Scripture commands us to plead the cause of the one being “oppressed in the gate” (by leadership or policy). I do so, here.

HAS ANYONE “REPLACED” RICK COGHILL?

Rick Coghill has been treated in public parlance by the other member of Lamb and his close-associates as a kind of “junior partner” fortunate to be allowed to hitch his star to The Other, and to bask in the radiance of the Other’s calling. And “Lamb” reemerged with Coghill’s former partner paired with a different musician.

Lamb was not like the television show “Bewitched,” in which the original actor playing Darren was replaced, and nobody noticed. Lamb being presented with Coghill replaced is more like Simon & Garfunkel with someone else “replacing” Art Garfunkel.

No one could “replace” Art Garfunkel.

Art Garfunkel was not some mere junior partner in Simon & Garfunkel. He was a once-in-a-generation talent, the personality of whose gift imprinted indelibly and deeply on an entire generation. Art Garfunkel is no more replaceable than Jimmy Page would be “replaceable” in Led Zeppelin.

Rick was an indispensable co-creator and co-owner of Lamb’s share of fame; and in reality from my perspective, its preëminent creator and owner. No matter who Paul Simon sings with for the rest of his life, that singer will never replace Art Garfunkel. When Simon & Garfunkel performed a few years ago in a reunion concert at the Grammy Awards, Art Garfunkel showed he was no mere ornament next to Simon. Frankly, Garfunkel blew away every other vocalist who performed that night: he was beyond radiant in voice and presence. His rendition of “Bridge Over Troubled Water” transfixed a few billion viewers and blew the minds of every music professional in the room. He was no junior anything.

No matter who performs as “Lamb” with Lamb’s other member, that person will never “replace” Rick Coghill. There is no artist who can replace the combined depth of both his talent and his historic gravitas. Rick Coghill made even blah songs sound good – songs with weak rhyme schemes, corny or unpoetic lyrics, forced lyrical timing, and other traits. Rick told me directly, he lost track of the re-writes and restructuring of songs he did, for which it is my understanding the other Lamb partner, who considered himself the “senior” partner, forbade credit be openly given to Rick, because the “songwriting” side of the duo’s portfolio had to be seen as entirely the other’s: no part of songwriting could be seen as Rick’s – otherwise, the duo would not appear a 50/50 situation of equals, with songwriting “all” the other’s, and production being all Rick’s.

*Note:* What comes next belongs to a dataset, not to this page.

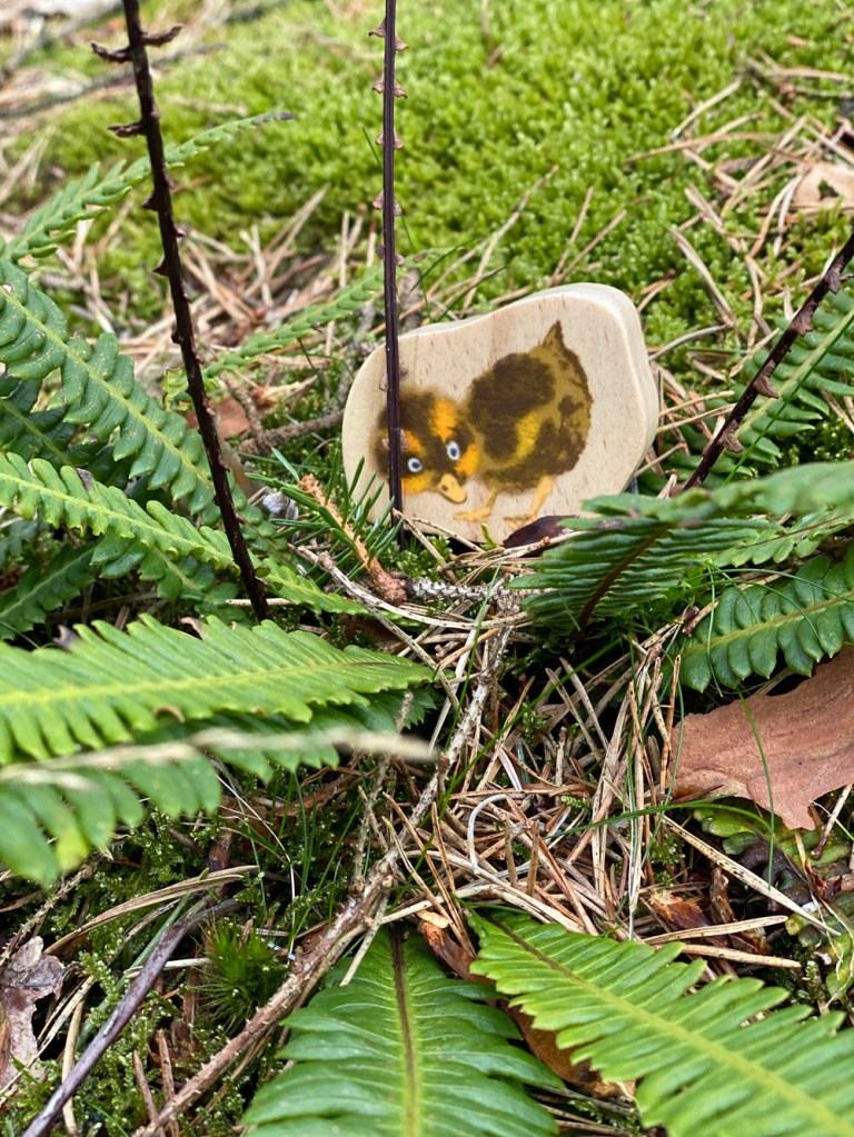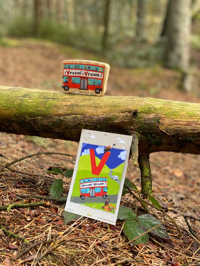 I also stick the postcards in my bag and take them to the woods with us for an adventure. I hide the cards and wooden characters for the children to hide and seek out. Once they find a card we sit and sing that rhyme together.

The above-cited inaccuracy has been at Rick Coghill’s expense.

It needs correcting.

MY 2006 PHONE CALL WITH RICK

In 2006, I released my own “greatest hits” collection album, all the tracks were ones in which Coghill had served as senior producer. Rick was due what we used to call his “mechanical” royalty: the producer’s share due at sate of manufacture. I had no idea where he or his family were.

It took some effort to reach him, because he was hermited in his hometown of Cincinnati, not a presence on the internet or by published phone number: but the man was owed his royalties by contract, so I could not honorably make the physical compact discs until I had paid him. And it was not really that hard to find him: it just took commitment.

I finally reached him.

When I did, what he said to me by phone was heartbreaking.

Firstly – he was flabbergasted I had expended time and effort to track him down specifically so I could pay him his royalties. He said, “That’s a first.” He said (I report here what was said) literally none of the other artists who had been manufacturing and selling the albums he had produced had been paying him his royalties for a very long time. It was not like he didn’t need the income. What people do with this assertion I report is their own affair. If it is inaccurate in regard to you, so be it; but for any of my fellow-artists for whom it might be true, I hope they will take action to right this wrong, and pay the workman the salary that is his due.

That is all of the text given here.